The project is structured as a three-year testbed phase, followed by a two-year allocations phase. During the testbed phase Cosmos project staff will collaborate with research teams covering several model science and engineering applications including those from astronomy and neuroscience, molecular biology and machine learning, and more. During the testbed phase, Cosmos project staff will also work with the National Artificial Intelligence Research Resource (NAIRR) Pilot program to identify and support projects that are good fits for the architecture and capabilities of the machine.
Collaborations specifically target community codes, science gateways and enabling middleware, where success in porting a single application brings along many users and institutions. Integration with the Open Science Grid aims to further extend the benefits of the APU to thousands of users in the high-throughput computing community.
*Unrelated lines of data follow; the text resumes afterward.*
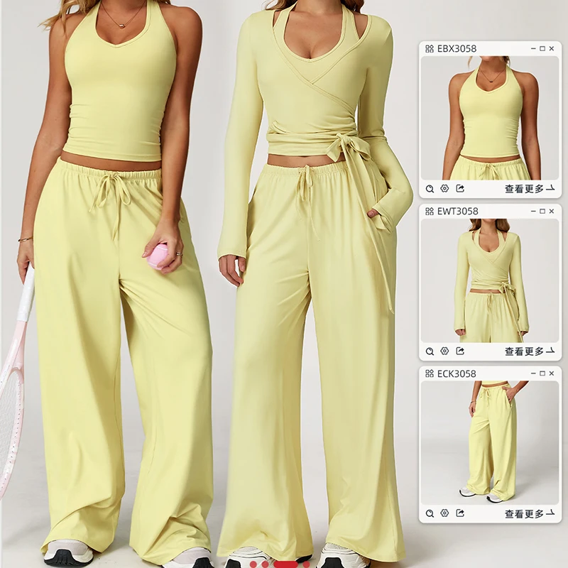 YISHENHON Recyclable Fabric Quick Dry Yoga V Waist Gym Leggings Running Workout Wide Leg Pants Flare Woman Sport Pants
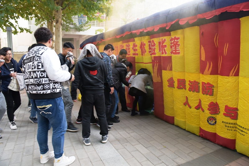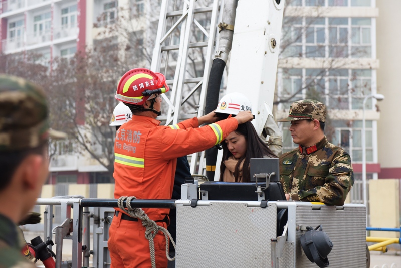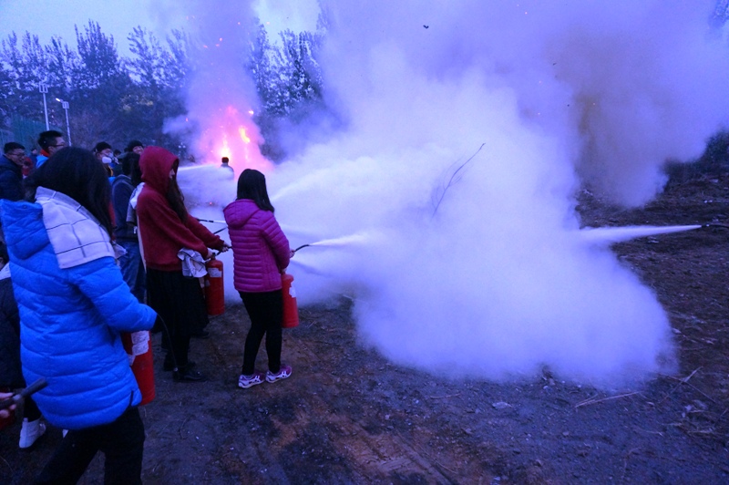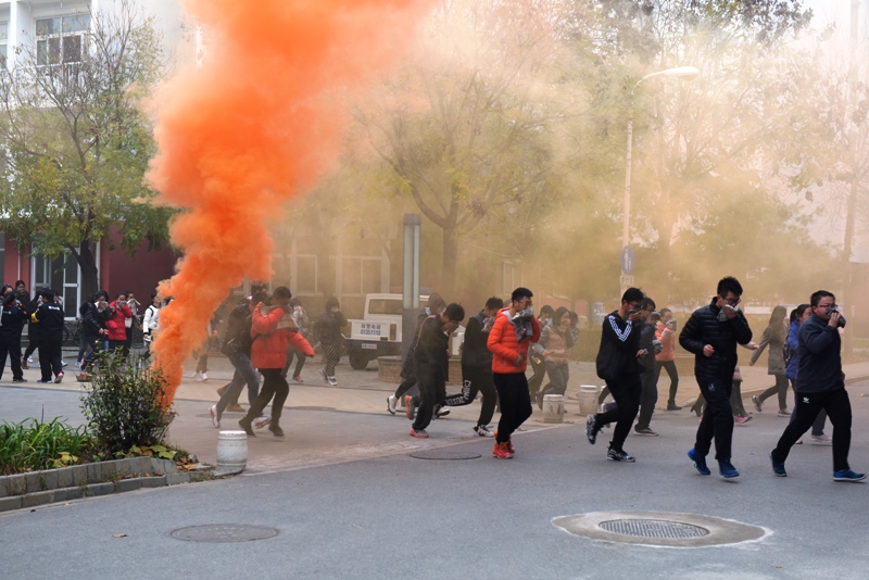 16:30,隨著張?jiān)鸥毙iL(zhǎng)的一聲令下,消防演習(xí)正式開(kāi)始。此時(shí),8號(hào)樓警報(bào)鳴響,煙霧滾滾,800余名新生分別從各自宿舍迅速而有序地疏散到集結(jié)區(qū)域。參演學(xué)生根據(jù)在消防培訓(xùn)中學(xué)到的知識(shí),以毛巾掩住口鼻,彎腰快步地從煙霧中撤離到指定地點(diǎn)。模擬現(xiàn)場(chǎng)非常逼真,疏散過(guò)程緊張而有序。現(xiàn)場(chǎng)還設(shè)置了消防逃生體驗(yàn)帳篷、高空云梯救援、體驗(yàn)穿戴消防戰(zhàn)斗裝備等。消防戰(zhàn)士還講解和示范了滅火器使用方法。隨后,保安人員點(diǎn)燃了火堆,參演的師生親身體驗(yàn)了用滅火器滅火的實(shí)際操作,取得了良好的演練效果,也達(dá)到了預(yù)期的教育目的。
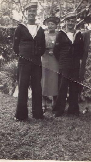 The R.N sailors were well looked after by the South African people and Len and messmate "Titch" Meddings were taken out for a meal in Durban by two Matronly ladies: Mrs Johnson and Mrs Bolthes.
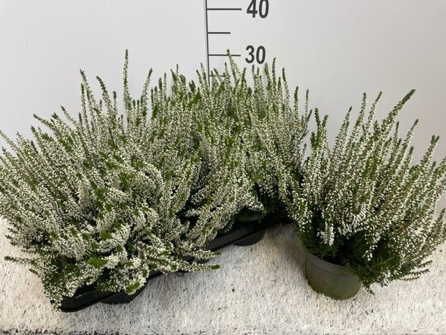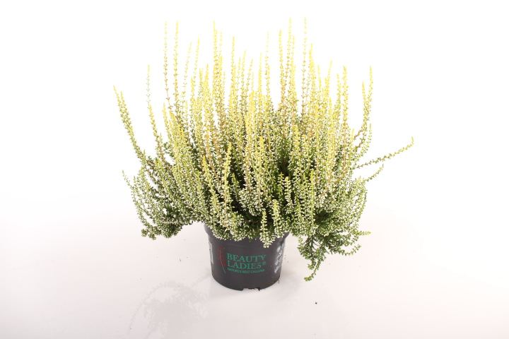 Potted Calluna vulgaris 'Beauty Ladies White'Common Name: Beauty Ladies White Heather
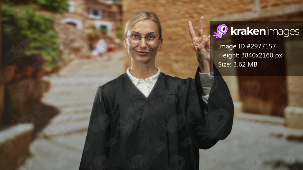 Woman judge, middle age blonde with glasses, wearing a black robe, raises two fingers in a victory sign while smiling on a historic stone street with stairs and doorway; pride celebration. - Kraken Images
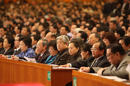 | 3月3日,中國人民政治協商會議第十一屆全國委員會第一次會議在北京人民大會堂開幕。這是委員們在認真聽會。新華社記者
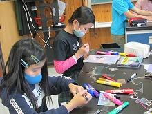 小学校には「ロングクラブ」の時間があります。物作りクラブでは、プラ板にペンで絵を描き、それをオーブントースターで温めてキーホルダーを作っていました。手軽にできるキーホルダーづくりを子どもたちは楽しんでいました。
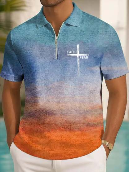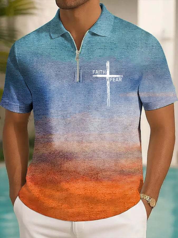 Men's Retro Faith Over Fear Design Printed Casual Zipper Polo Shirt
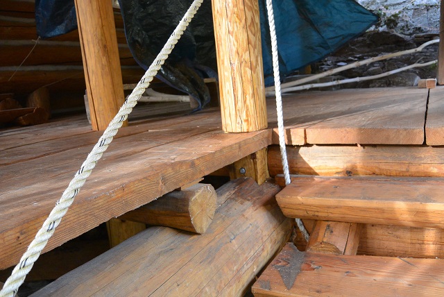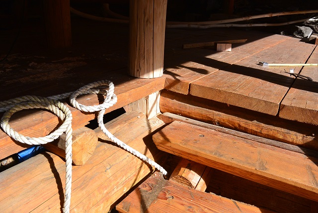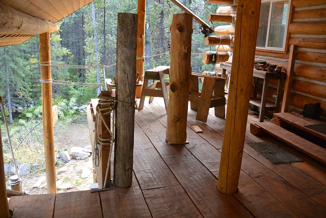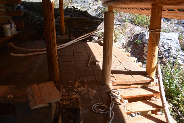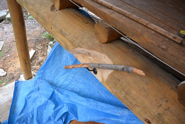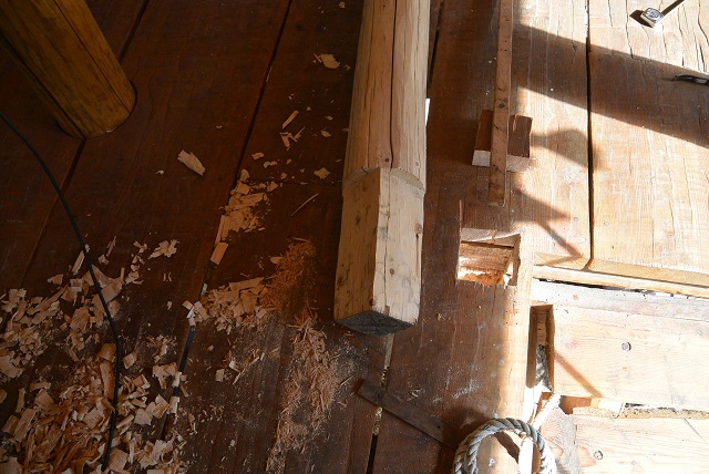 9/29/16 The tenon has been cut in the end of the newel post and the mortise hole has been cut through the deck, alongside the joist log, and down into the big porch beam.
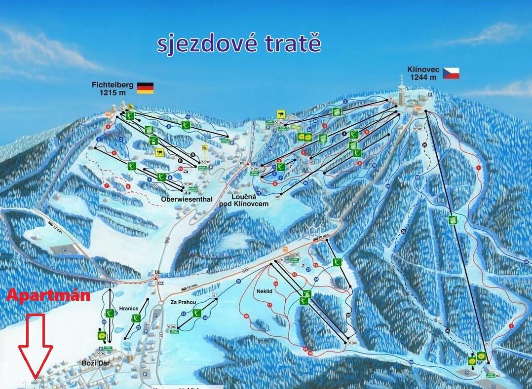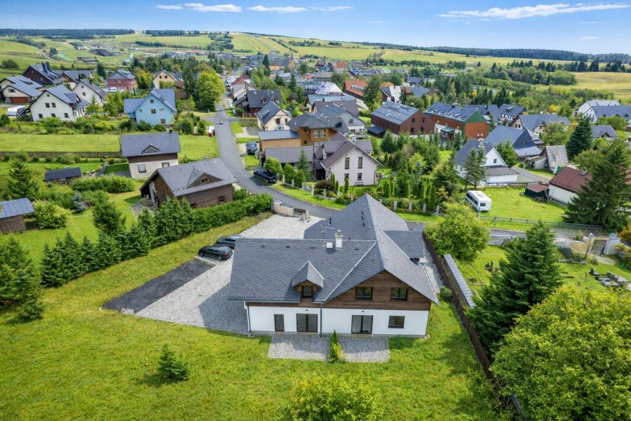 Ráj zimních sportů, procházek a cyklistiky přímo za dveřmi: pár metrů od domu naběhnete na běžkařskou Krušnohorskou magistrálu (120 km upravovaných tras), když není sníh najedete na stejném místě na cyklostezku, nebo se půjdete projít malebnou stezkou Božídarského rašeliniště. Celoročně můžete vzít své ratolesti na dobrodružnou Ježíškovu cestu. To vše máte pár kroků od domu s nádherným výhledem.

“Many scientific communities face hurdles with programming complexity and need for people time/resources to re-engineer their large legacy software bases to benefit from accelerators. This inhibits their scientific progress because most of the hardware performance increases in recent years has come in form of accelerators. The motto of Cosmos – “no software left behind,” expresses the project goal of focusing on these communities, including but not limited to the high-throughput computing communities on OSG” said SDSC Director Frank Würthwein.
Lessons learned and best practices developed from the research collaborations will be shared with the wider user community through project workshops, user training events, and participation in the AMD User Forum. The allocations phase will incorporate insights gained from the testbed phase regarding application porting to the APU, leading to software development resources, training materials and publications that allow others to migrate their applications to realize the benefits of accelerated computing. During the allocations phase, Cosmos will be available to researchers through an NSF-approved allocation process.
Cosmos is supported by the NSF, Office of Advanced Cyberinfrastructure (grant award no. 2404323).